Посол аж притопнул и хлопнул ладонями о дубовую столешницу.

– Андрей Порфирьевич, да не спишь ли ты? Перед кем у тебя долг – перед Армановым, который выкачивает тебя, аки штольню золотоносную, уже не первый месяц?

Андрюша смолчал, а потом поднял глаза.

– Ваше превосходительство, прошу Вас – передайте царю, что не достоин я милости его… И…

Слеза предательски выползла на щеку.

– Простите… Не могу я! – сказал Андрюша слова, которые ещё мог произнести без рыдания, встал и быстро вышел вон.

Когда Арманов через минуту вошёл в гостиную, перед ним сидел, устало облокотившись на стол, задумчивый Татаринов. Сидел безо всякого столичного лоска, с глазами как у лосиной головы позади него.

Он поднял голову, и устало сказал:

– Карету. Я еду обратно.

Больше Арманов не добился от него ничего.

Татаринов вышел и уехал, а на столе осталась стоять так и нетронутая тарелка с оползающим студнем.

Андрюшка лежал в постели и тихо ревел, уткнувшись в подушку. В голове его стояли любимая Катюша, царский посол, грозящий пальцем, и документ.

Документ.

Несколько дней назад Арманов приехал с собрания злой и вызвал Андрюшку и отца в кабинет.

Порфирий Иванович сразу недовольно начал рассматривать бороду в надверное зеркало.

– Ох, не нравится мне это… Всё ты со своими писульками, что натворил-то теперь?

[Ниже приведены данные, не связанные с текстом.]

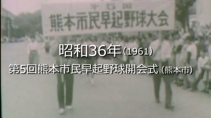 昭和36年(1961)6月、第5回熊本市民早起野球大会開会式の映像です。熊本市では、野球を愛する市民の親睦と親善の輪を広げ、スポーツを通して健康増進を図ることを目的に、昭和32年から毎年早起き野球大会を開催…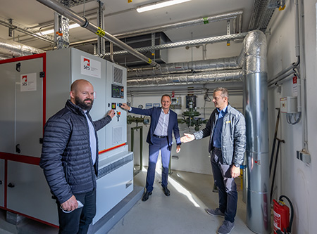 Auch Anlagen bei Kunden wie der Gemeinde Petershagen-Eggersdorf, für die EWE Planung, Bau und Betrieb übernimmt, bringt das Unternehmen auf den technisch neuesten Stand. „Jeder kann und sollte einen Beitrag für eine klimafreundliche Zukunft leisten. Ein sparsamer und nachhaltiger Umgang mit den Ressourcen sind uns daher ein wichtiges Anliegen. An vielen Stellen setzen wir uns dafür ein, beispielsweise bei der Umstellung des Verwaltungsfuhrparks auf Elektrofahrzeuge und bei der Modernisierung der Energiezentrale in unserem Grundschulzentrum am Dorfanger“, sagte Marco Rutter, Bürgermeister der Gemeinde Petershagen/Eggersdorf. Die Modernisierung der Technik sei ein gemeinsamer Beitrag der Gemeinde und ihres Partners EWE für eine zukunftsfähige, klimaschonende Energieversorgung im Ort.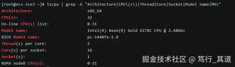 lscpu | grep -E "Architecture|CPU(s)|Thread|Core|Socket|Model name|MHz"

Андрюша как обычно не ответил ему. В нём уже давно жило гадливо-предательское ощущение, что этот человек, с бородой и вечно навеселе, лишь по праву рождения является его отцом. Ни одной общей мысли, ни одного разговора по душам, ни даже взгляда на то, что Андрюша считал стоящим в этой батрацкой жизни. Андрюша мирился, что в его комнате спит, ест и пьёт водку чужой человек.

Пришли в гостиную и ждали.

Вошел Арманов, не смотря на них, снял сапоги, кинул их ко входу, надел плетёнки, сел на стул, и только тогда посмотрел на обоих.

– Ты, – указал он на стряпчего, – выйди и жди за дверью.

Тот поклонился зачем-то и выбежал, хлопнув дверью.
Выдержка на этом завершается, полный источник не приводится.